Statistical comparisons of our results as a function of years of schooling revealed no differences between forward and backward SSP. Nevertheless, we noted that scores for the backward SSP were consistently lower than for the forward SSP.
We also report age differences in performance comparing younger and older participants, showing that performance improves with increasing age.
The Rosen et al. (1997)13 study in undergraduate students showed that the forward and backward tasks reflect different levels of processing complexity or different types of representations. In their study however, no difference between forward and backward scores were found, implying that both tasks required a similar level of processing complexity.
Kessels and collaborators2 also found no differences between the forward and backward condition on the Corsi Block-Tapping Task (spatial span), but confirmed that the Digit Span (verbal span) backward was more difficult than the forward condition.

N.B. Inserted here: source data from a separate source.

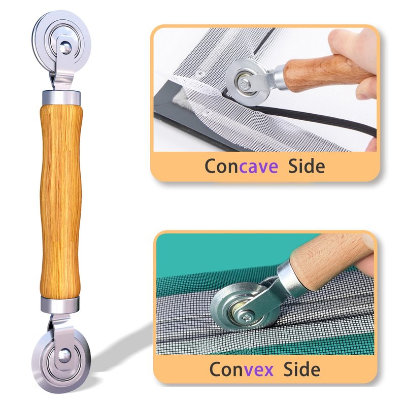 - đ ăRoller & HooksăSolid wood handle + double carbon steel bearing metal wheels, heavy beech wood handles are hard and crack-free, thickened and enlarged metal convex and concave double wheels.Removal Hooks - are sharp, the aged battens can be hooked out by screen hooks.
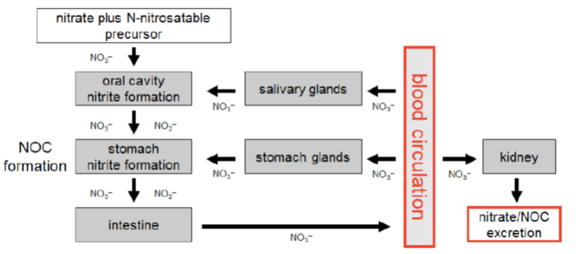 亚硝胺的内源性形成从20世纪60年代末的初步研究开始,到20世纪90年代结束。内源性形成的亚硝胺、亚硝酸盐和硝酸盐在代谢上相关,通过还原、氧化和循环在血液和组织中转化为活性亚硝胺,然后作为尿硝酸盐排泄。为了确定风险,必须提供有关其内源性形成的定量数据,了解亚硝胺的药代动力学。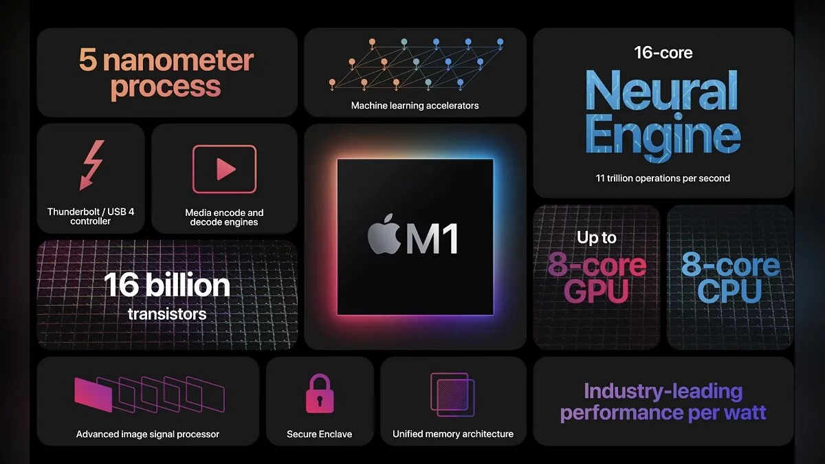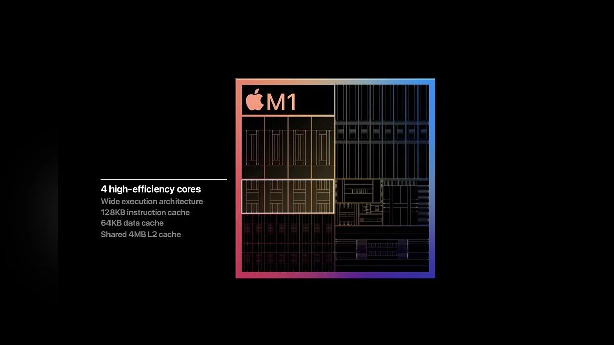«Мас — это инновация», — заявил глава компании. Камера переместилась в подвал кампуса, где зрителям показали «следующее поколение» компьютеров. Apple анонсировала процессор M1, который будет устанавливаться в новые поколения компьютеров. Из-за того, что он постоянно работает в фоновом режиме, компьютер активирует систему за считанные секунды.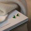 Cute Korean Earrings Heart Bling Zircon Vintage Dark Green Versatile Gold Color Earring for Women Fashion Jewelry 2024 New Gift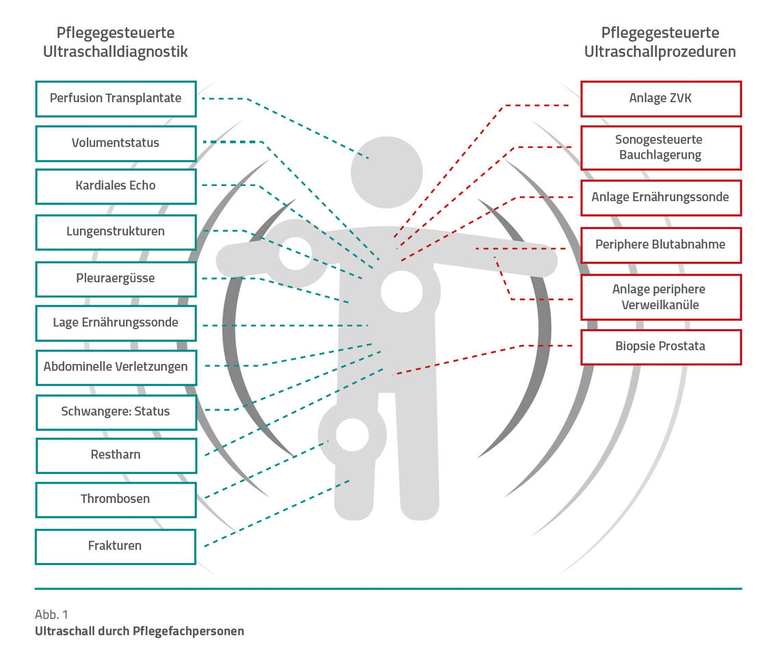 Pflegefachpersonen nutzen Sonografie zur Bestimmung des Volumenstatus an der Vena Cava [4], zur Bestimmung fraglicher Pleuraergüsse [4], der Lungenstrukturen [3], des Restharns [1], der Darmmotilität [10], des gastralen Restvolumens [10], von Knochenbrüchen [8], thorakaler und abdomineller Traumen [8], von Thrombosen [10], arteriovenösen Fisteln [10], innerer Blutungen [8], von Weichteilverletzungen [8] und zum Auffinden von Fremdkörpern aus Holz, Plastik oder Metall [8].

The analysis of the results as a function of educational level revealed differences in performance among participants categorized in the first years of schooling and participants in the final ranges of high school education, showing that performance improved with increased schooling, and concomitant advancement in age. This expected result had previously been demonstrated using the Corsi Block-Tapping Task in children.10
Forward and backward span scores were positively correlated with age, suggesting improvement in span performance with development. Luciana and Nelson9 suggested that memory capacity measured by the span task does not reach functional maturity by the age of 12. According to the authors, 18 years is the age at which adult levels of performance are attained on the CANTAB Spatial Span task. Indeed, the fact that the groups with 1 to 3 years of schooling committed significantly more errors than those with more than 6 years of education may reflect an influence of age. This increase in forward spatial span performance with advancing age was also found using the Corsi Block-Tapping task.14,15
The total number of errors is lower in reverse order because the test is stopped when the subject makes three consecutive errors. In direct order, mistakes tend to be made throughout the test and therefore the total number of trials and errors is higher. In reverse order, mistakes tend to be made successively and in the early stages of the test. Post-hoc comparisons confirmed that older children have better performance on the spatial span task. This has also been reported for other testing situations in previous studies.2,13,15,16
An extensive normative study was conducted by DeLuca and collaborators.17 These authors investigated the development of executive function over lifespan, in subjects from 8 to 64 years old, and used several subtests of the CANTAB, including the Spatial Span test. Figure 2 depicts a comparison between our results and those obtained by the cited authors.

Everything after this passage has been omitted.